Tech

Reddit to Update Web Standard to Prevent Automated Data Scraping Amid AI Startup Concerns

Reddit updates its web standard to block automated data scraping from its website, aiming to prevent AI startups from bypassing the rule to gather content for their systems.

Nitish Verma

26 Jun 2024 02:55 EST

New Update

Social media giant Reddit has announced that it will update its web standard to block automated data scraping from its website, a move aimed at preventing AI startups from bypassing the rule to gather content for their systems. This decision comes at a time when artificial intelligence firms have been accused of plagiarizing content from publishers to create AI-generated summaries without giving credit or asking for permission.

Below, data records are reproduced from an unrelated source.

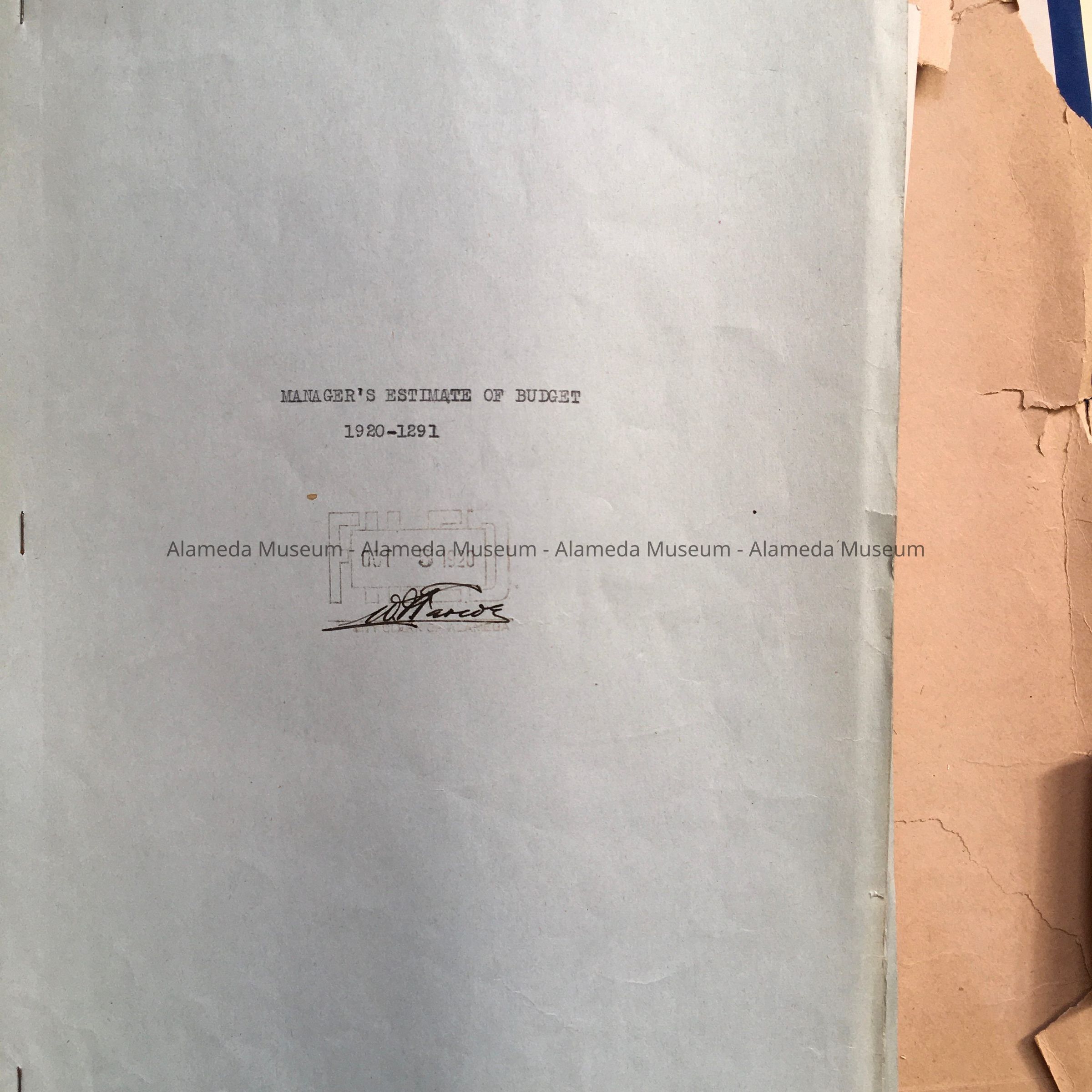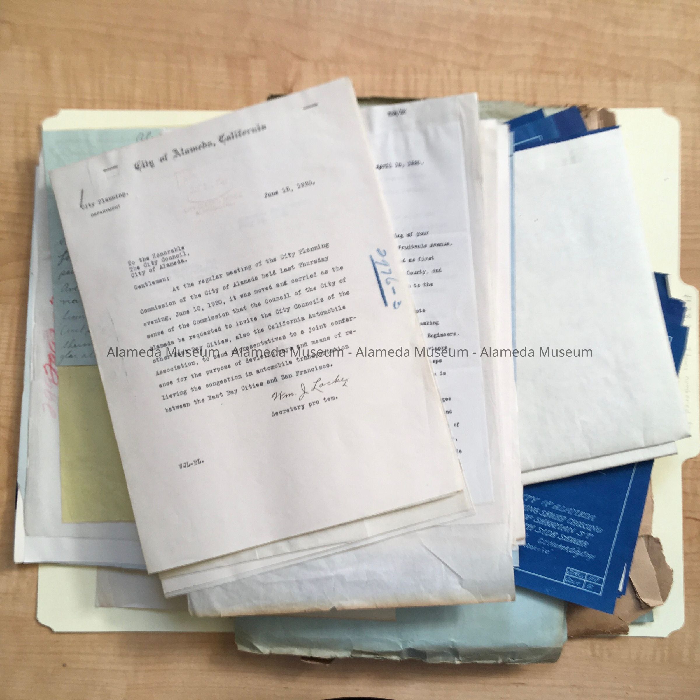 History of Object: Miscellaneous documents including E. H. Hart business card (2976-1), Fruitvale drawbridge (2998-1), waterlines for fire protection (2997), tidelands lease, including map of ownership (2982), 1921 budget (2999- 1 & 2), blueprints for sewer system in envelope.
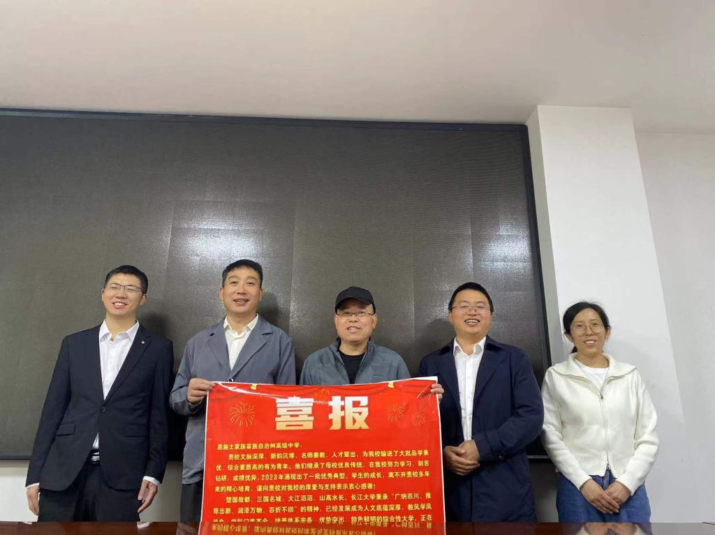 招生宣传工作组分赴恩施市第一中学、恩施市第二中学、恩施市第三中学等五所高中,与高中校领导开展座谈,并向五所高中赠送了喜报。座谈会上工作组详细介绍了yl6809永利集团的发展情况、办学特色和招生政策,对五所高中为我校输送大批优秀学子表示感谢,希望双方进一步深化交流与合作,共同努力为国家培养优秀人才。
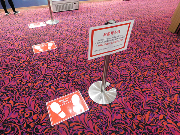カウンターの前には、列の間隔があくように足跡の目印が貼られていた。ソーシャルディスタンスをうながす看板も設置されているなど、プレイヤー同士が密集しないための環境づくりもバッチリだ。
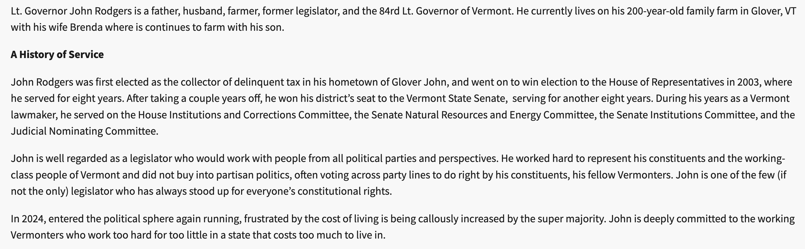 But wait, there’s even more. I now know how that “84rd” thing got in there. Rodgers stole the first line of his official bio hook, line, and “rd” from his predecessor (and 83rd lieutenant governor) David Zuckerman’s official bio.

The update will focus on the Robots Exclusion Protocol, or "robots.txt," a widely accepted standard meant to determine which parts of a site are allowed to be crawled. Reddit will also maintain rate-limiting, a technique used to control the number of requests from one particular entity, and will block unknown bots and crawlers from data scraping on its website.

Why it Matters : The move is significant, as it sets a precedent for other websites to follow in protecting their content from AI firms that bypass web standards to gather data. This update will help prevent the misuse of public content and ensure that AI companies abide by Reddit's terms and policies.

In recent weeks, there have been reports of AI companies circumventing the web standard to scrape publisher sites. A letter to publishers by the content licensing startup TollBit said that several AI firms were bypassing the rule to gather content. This follows a Wired investigation that found AI search startup Perplexity likely bypassed efforts to block its web crawler via robots.txt.

Earlier in June, business media publisher Forbes accused Perplexity of plagiarizing its investigative stories for use in generative AI systems without giving credit. Reddit's update aims to prevent such instances of content misuse and ensure that AI companies respect the website's terms and policies.

Key Takeaways :

Reddit updates its web standard to block automated data scraping from its website.
The move aims to prevent AI startups from bypassing the rule to gather content for their systems.
Reddit will update its Robots Exclusion Protocol and maintain rate-limiting to control data scraping.
The update sets a precedent for other websites to protect their content from AI firms.
Reddit's move is a significant step in preventing the misuse of public content and ensuring AI companies respect website terms and policies.